* _Activity_: Produce an exact transcription of the listing below, omitting the pictures.
** Recorded information follows **
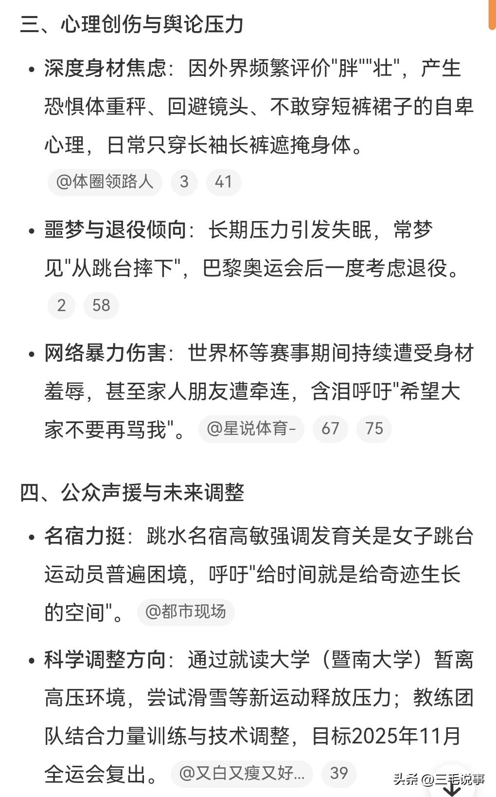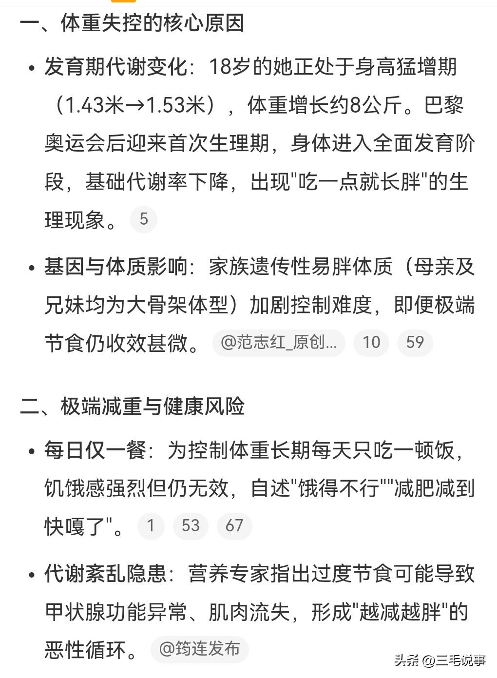 看来很多人都错怪了全红婵,有人说她胖了还能跳水还能参加奥运会吗? 很多人觉得她是不是吃太多,过于的没管理好自己,变这么胖。 3月30日热搜,全红婵说每天吃一顿但喝水就胖。 原来她是那种喝水都胖的体质。 她曾经每天只吃一顿,饿的非常的痛苦,但就是减不下去。 照这样看来,全红婵的跳水生涯有点让人担心了。 希望她越来越好。
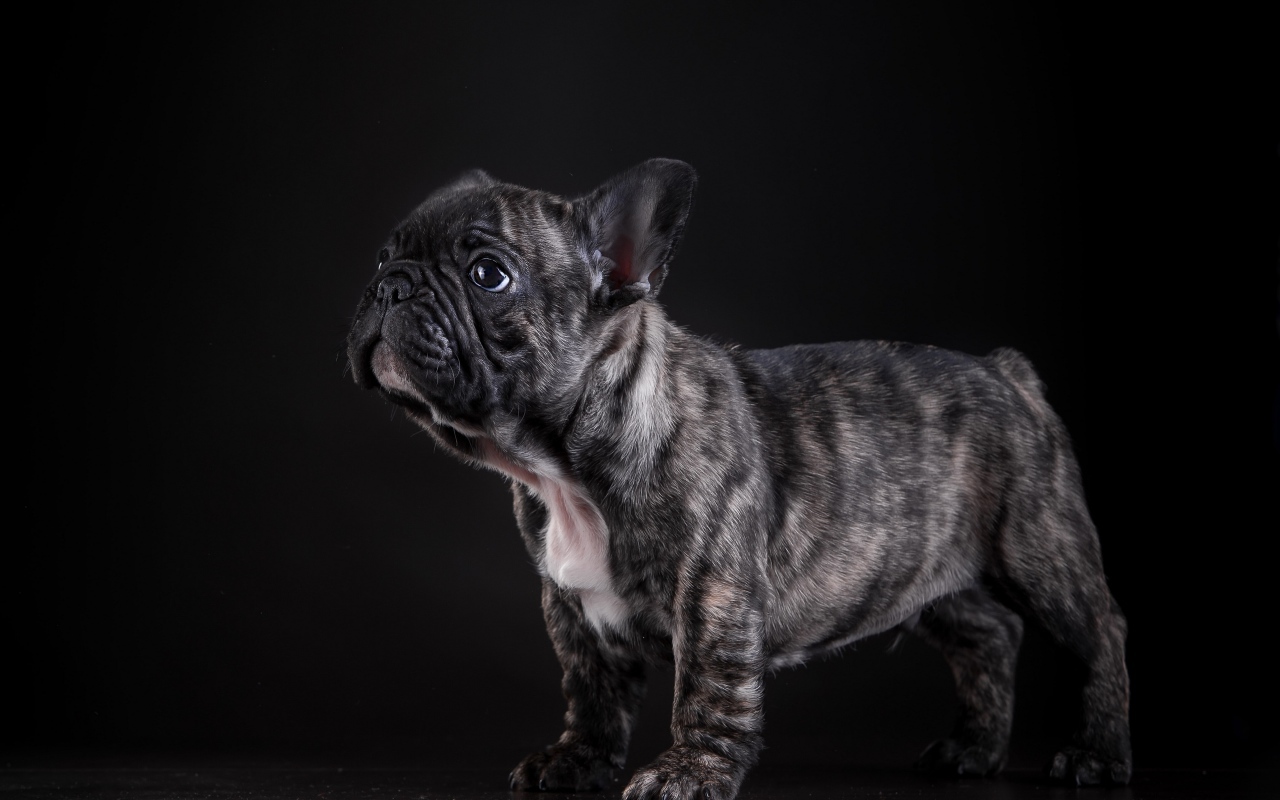 Маленький щенок французского бульдога на черном фоне Обои для рабочего стола 1280x800
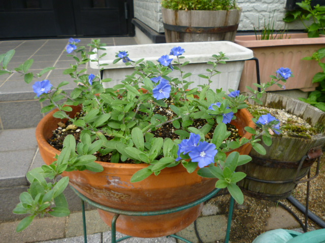 玄関の外にうえきを出していた
** End of Recorded information **
* _Task result_:
 看来很多人都错怪了全红婵,有人说她胖了还能跳水还能参加奥运会吗? 很多人觉得她是不是吃太多,过于的没管理好自己,变这么胖。 3月30日热搜,全红婵说每天吃一顿但喝水就胖。 原来她是那种喝水都胖的体质。 她曾经每天只吃一顿,饿的非常的痛苦,但就是减不下去。 照这样看来,全红婵的跳水生涯有点让人担心了。 希望她越来越好。
 Маленький щенок французского бульдога на черном фоне Обои для рабочего стола 1280x800
 玄関の外にうえきを出していた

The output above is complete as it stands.